Greg Cote

Fins, Canes creating a football revival in South Florida

The Dolphins go wild after scoring the winning touchdown and extending their astonishing win streak to five games.
The Dolphins go wild after scoring the winning touchdown and extending their astonishing win streak to five games.

I had a feeling it had been a while but had no idea just how long. Call it something else for South Florida football fans to appreciate this week of Thanksgiving.

Don Shula was still roaming jut-jawed along the Dolphins sideline, and Dan Marino was in the prolific heart of his career. Across town, new Hurricanes coach Dennis Erickson was bearing in on the school’s third national championship.

It was that season, 1989, when Miami’s two flagship football teams last both had at least a three-game winning streak entering the national holiday that turkeys hate.

Go back even further, to 1985, for the last time the big two had a longer combined streak entering Thanksgiving than the eight victories in a row currently co-fashioned by the Fins (five) and Canes (three).

The dual fire is all the more remarkable because, for both teams, it arose from ashes.

Pro Miami was 1-4, Dolfans beginning to join in another sad chorus of “Same Ol’ Dolphins.” Now, at 6-4 and at home this coming Sunday vs. the awful 49ers, Miami has become a viable playoff contender.

College Miami had been sunk by four consecutive losses in October. Now the Canes are 7-4 and big favorites at home in this coming Saturday’s regular-season finale vs. Duke. Bowl prospects are growing again.
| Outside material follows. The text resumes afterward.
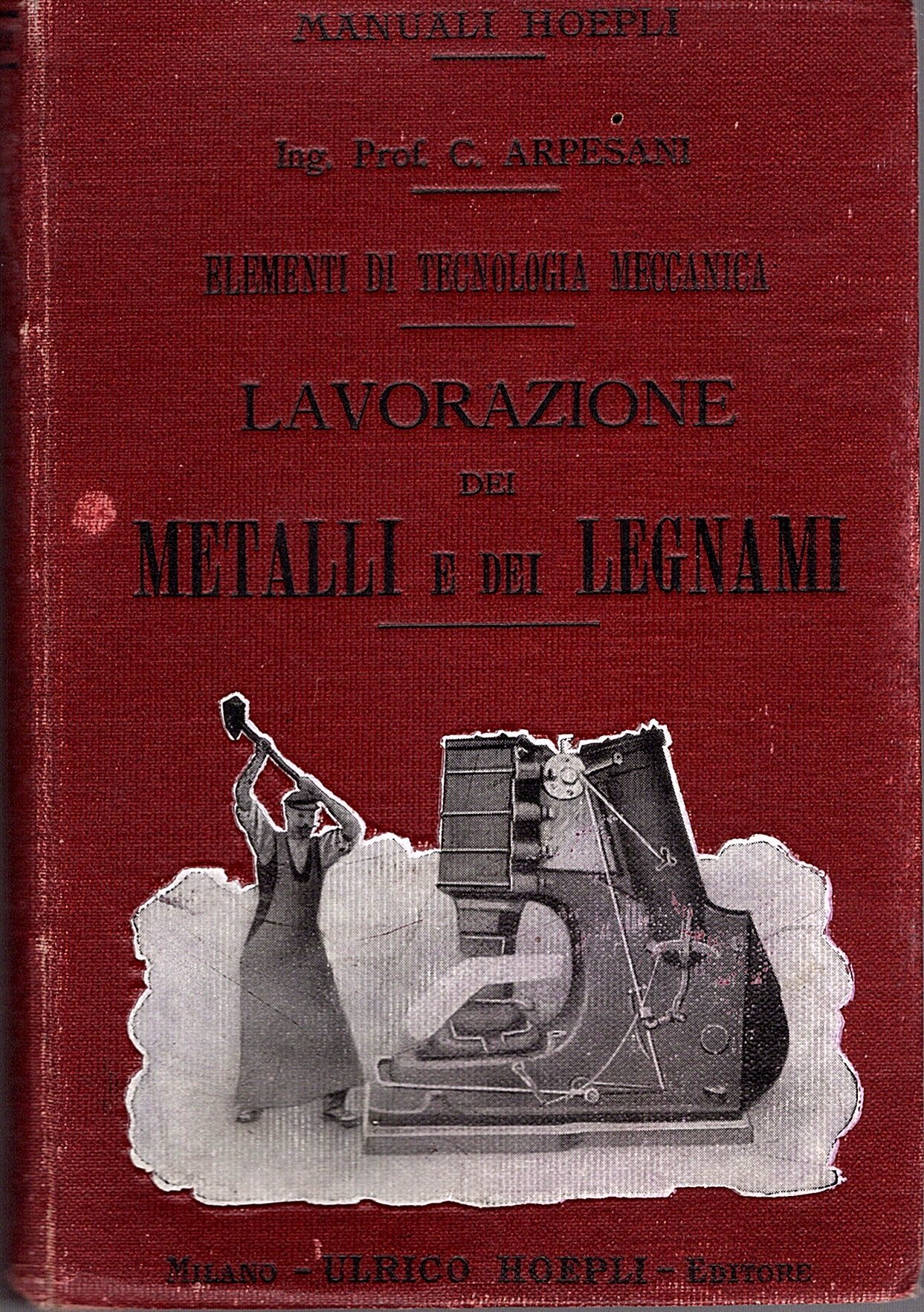 In-16°, pp. XII, 317, (3), 64 di elenco dei Manuali Hoepli, tela cerata granata editoriale con titoli impressi in nero al dorso e al piatto anteriore figurato con tavola applicata b/n, tagli rossi. 274 incisioni nel testo. Bell'esemplare. Prima edizione di questa classica trattazione sulla lavorazione di metalli e legnami (combustibili, forni, fonderie, soffierie etc.).

The refresh button has been hit on the sense of optimism and new direction that began each team’s season. I’d also add Miami’s third-biggest football team, Florida International University, to the conversation because, as the Dolphins and UM began saving their seasons, FIU won big, too — and it had nothing to do with a scoreboard.

The sense of renewal is rooted in all three teams’ coaching hires.

Adam Gase has delivered youth and enthusiasm to the Dolphins, and a sense of fight and belief that helped keep the ship intact and headed right even at 1-4.

Mark Richt brought to UM not only an alum but the most proven coaching hire the school had ever made. (And Richt in turn brought in new defensive coordinator Manny Diaz, who has made a palpably big difference.)

And FIU, in new coach Butch Davis, hired last week to take over in 2017, gets needed stature and heft, not only a “big name” coach but one with major-college experience, one who is a strong recruiter.

Didn’t take these winning streaks to verify that Gase and Richt were strong hires, but it helps. Likewise, an FIU fan needn’t wait for Davis’ debut next September to be excited about his arrival.

It is the Dolphins, though, who top the marquee, and not just in football but across all Miami sports right now.

The downsized Heat, with the departure of Dwyane Wade and dissolution of the Big 3 era, created an opening that the Dolphins, with these five wins in a row, have burst through.

I know. The Dolphins needed a small miracle to extend that streak Sunday, with two late touchdowns winning in Los Angeles, 14-10. See, but that’s part of the point. Winning teams, resourceful teams, teams that don’t quit, do that. They pull victories from defeats.

“It was a long time ago when you knew guys just had that fight,” Cam Wake said of his team after it beat the Rams. “You know, you can feel it.”

Jarvis Landry couldn’t help but get a jab in at the media and bandwagon-jumping fans who wrote off this team at 1-4: “From everybody that doubted us early on and people who will still doubt us in the future: We thank you. It motivates us, especially in times like [Sunday] when we got to stick together as brothers and come from behind and take one.”

Gase remarked how impressed he was watching the sideline interplay Sunday, defensive players continually encouraging a struggling offense.

You wouldn’t have said it a month ago of the Dolphins or Hurricanes (or FIU) — or of Miami in general — but as the weather cools and the teams heat up, it’s beginning to look a lot like a football town again.